Thanks for giving this new topic a substantial boost!
I took a quick look at the web site you showed. The team members appear to have been on a roll in 2008. The web site shows copyright through 2017.
What I have in mind for this topic is to create a series of "bite sized" posts that might tempt a reader to start at the top and pursue the topic to where-ever it goes.
If you have already written about your participation in the project (as seems quite possible over your 5,915 posts (and counting)) then the posts in ** this ** topic might simply point to those earlier items (if you can still find them << grin >>).
It's possible posts here may stimulate other members to contribute memories of working with Bruce, or perhaps other connections that would be interesting.
If SpaceNut were here (at full strength) it is likely he'd use his remarkable search skills to pull numerous citations out of the archive..
Edit#1: The idea of making a Mars Theme Park based upon a serious Homesteading Vision makes sense to me, in light of the success of other theme parks over the years.
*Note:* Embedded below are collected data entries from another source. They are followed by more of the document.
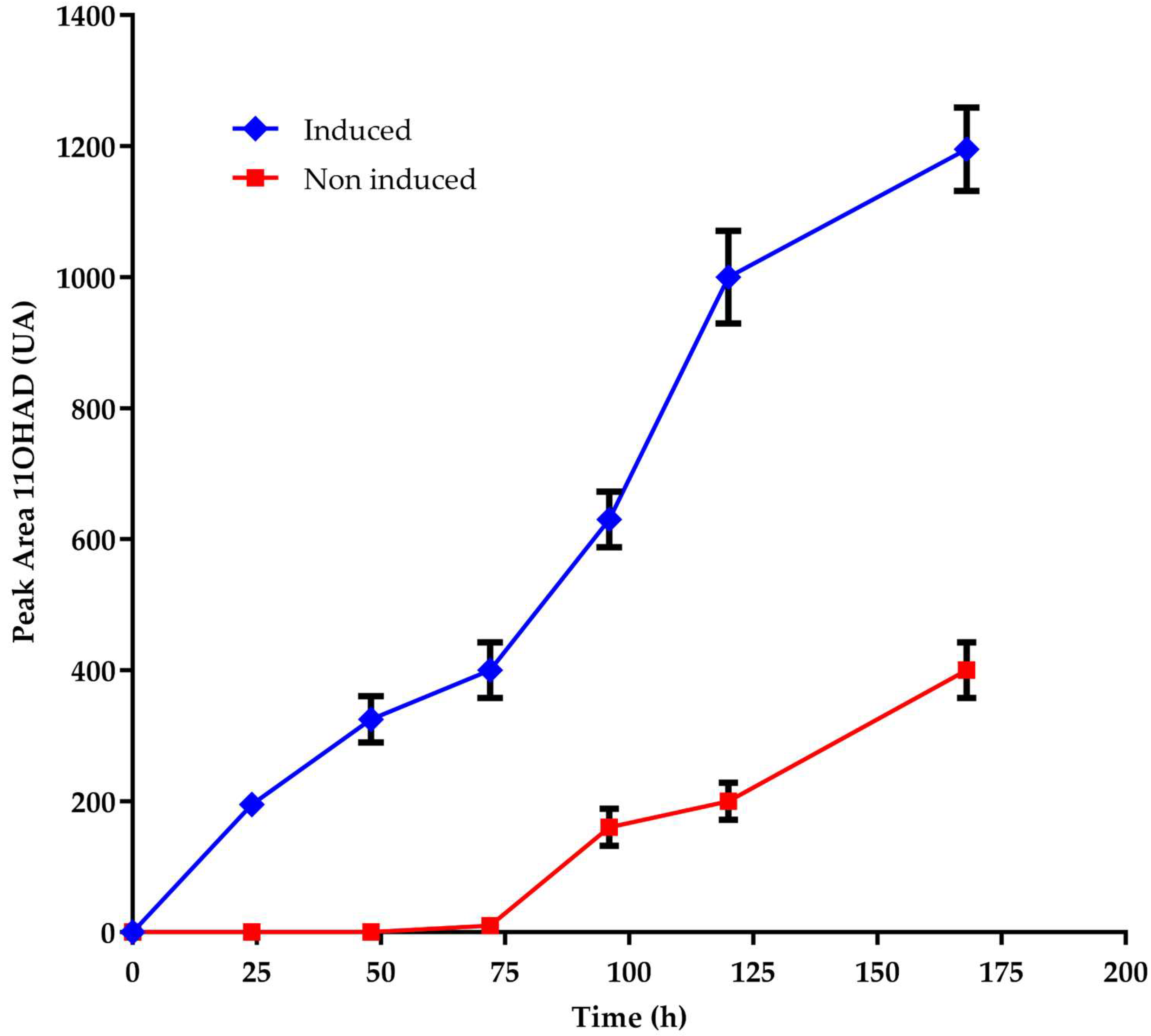 Appearance of 11-α-hydroxy-AD from AD in A. nidulans cultures previously grown with AD (blue) and without AD (red). The number of biological replicates is 3. The measurements were taken at a wavelength of 240 nm.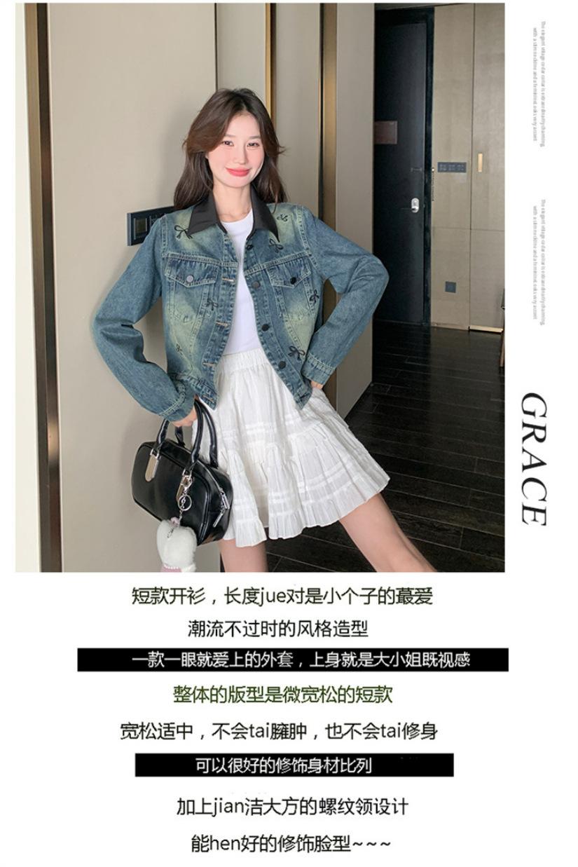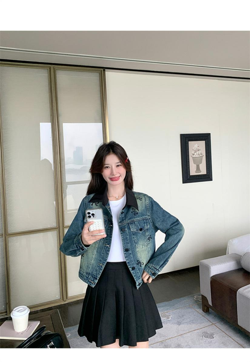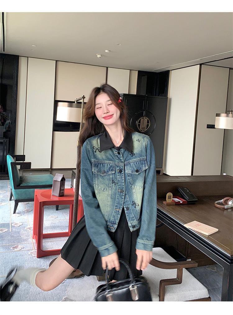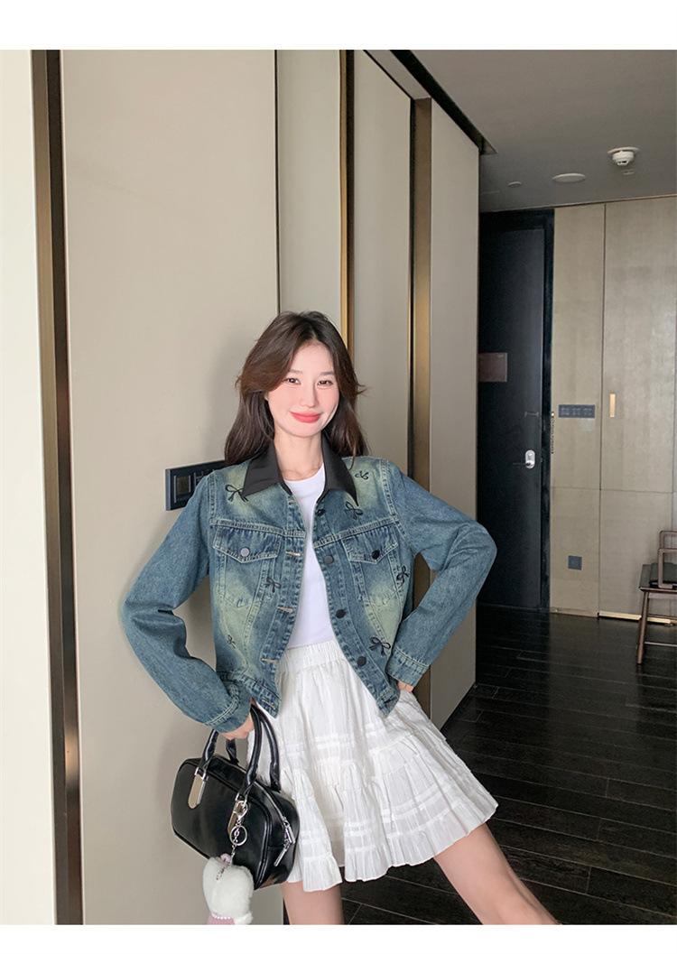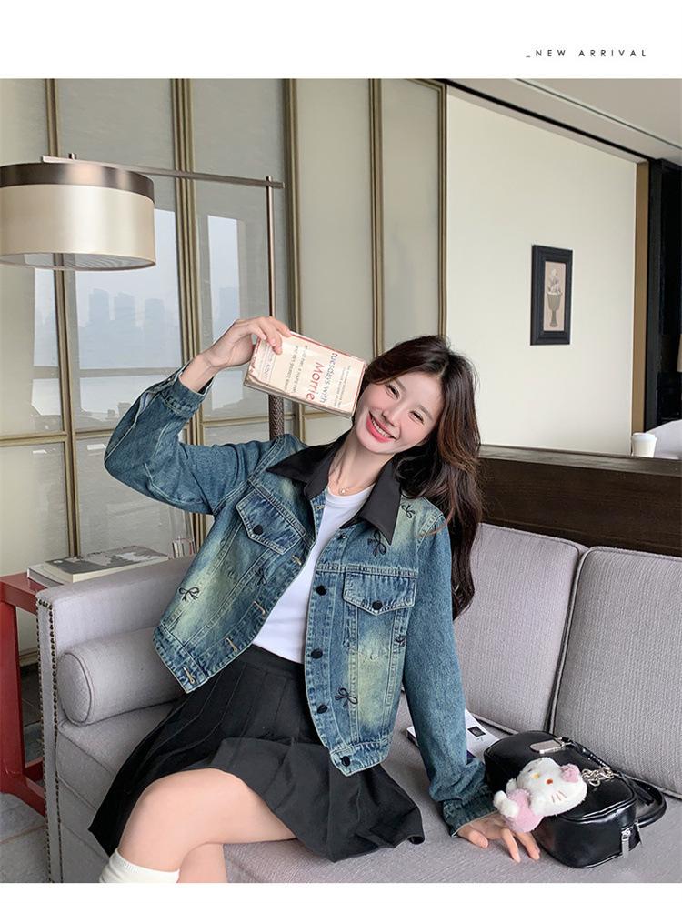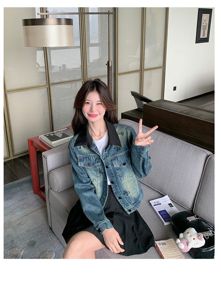 Chaqueta de mezclilla bordada coreana para mujer, corta, primavera y otoño, nueva, diseño dulce, chaqueta de moda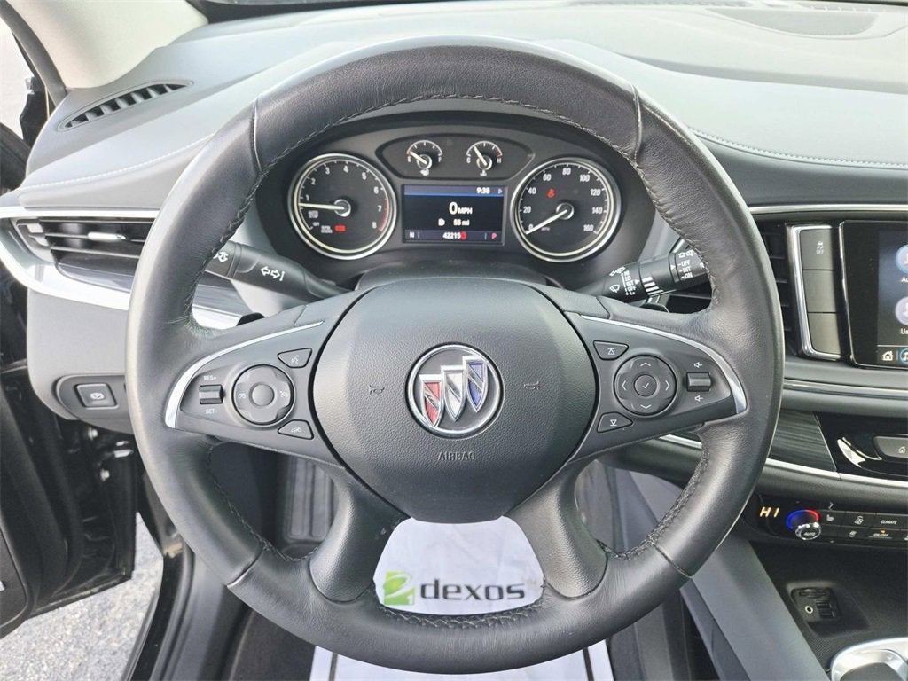 This Enclave is well equipped with Front Mounting License Plate Bracket Package, Preferred Equipment Group 1SL, Sound & Sites Package (120-Volt Power Outlet, Bose Performance-Enhanced 10-Speaker System, Radio: Buick Infotainment Sys AM/FM Stereo w/Nav, and SiriusXM w/360L), Sport Touring Edition (Sport Grille w/Body-Color Surround, Sport Touring Liftgate Badging, and Wheels: 20 Bright Machined Faced Aluminum), 4D Sport Utility, 3.6L V6 SIDI VVT, FWD, Ebony Twilight Metallic, 18 Painted Aluminum Wheels, 3.49 Axle Ratio, 3rd row seats: split-bench, 4-Wheel Disc Brakes, 6 Speakers, 6-Speaker Audio System Feature, 7-Passenger Seating, ABS brakes, Air Conditioning, Alloy wheels, AM/FM radio: SiriusXM with 360L, Apple CarPlay/Android Auto, Auto High-beam Headlights, Auto-dimming door mirrors, Auto-dimming Rear-View mirror, Automatic temperature control, Brake assist, Bumpers: body-color, Compass, Delay-off headlights, Driver door bin, Driver vanity mirror, Dual front impact airbags, Dual front side impact airbags, Electronic Stability Control, Emergency communication system: OnStar and Buick connected services capable, Four wheel independent suspension, Front anti-roll bar, Front Bucket Seats, Front Center Armrest, Front dual zone A/C, Front reading lights, Fully automatic headlights, Garage door transmitter, Heated door mirrors, Heated Driver & Front Passenger Seats, Heated front seats, Illuminated entry, Leather steering wheel, Low tire pressure warning, Occupant sensing airbag, Outside temperature display, Overhead airbag, Overhead console, Panic alarm, Passenger door bin, Passenger vanity mirror, Perforated Leather-Appointed Seat Trim, Power door mirrors, Power Driver Lumbar Control Seat Adjuster, Power driver seat, Power Liftgate, Power Passenger Lumbar Control Seat Adjuster, Power passenger seat, Power steering, Power windows, Premium audio system: Buick Infotainment System, Radio data system, Radio: Buick Infotainment System AM/FM Stereo, Rear air conditioning, Rear anti-roll bar, Rear Parking Sensors, Rear reading lights, Rear window defroster, Rear window wiper, Remote keyless entry, Roof rack: rails only, Security system, Speed control, Speed-sensing steering, Spoiler, Steering wheel mounted audio controls, Tachometer, Telescoping steering wheel, Tilt steering wheel, Traction control, Trip computer, Turn signal indicator mirrors, Variably intermittent wipers, and Voltmeter.

Of course, ** right NOW ** is not a good time for ** anything ** << sigh >>
The My Hacienda topic is still sitting in a "ready" state, waiting for 2750 individuals who have an interest in building a virtual community based upon Specialization, Division of Labor and a free flowing Market.
I'd be interested in learning (in bite sized chunks if possible) what the folks working on the Mars Foundation came up with.
(th)
Last edited by tahanson43206 (2020-05-05 18:36:25)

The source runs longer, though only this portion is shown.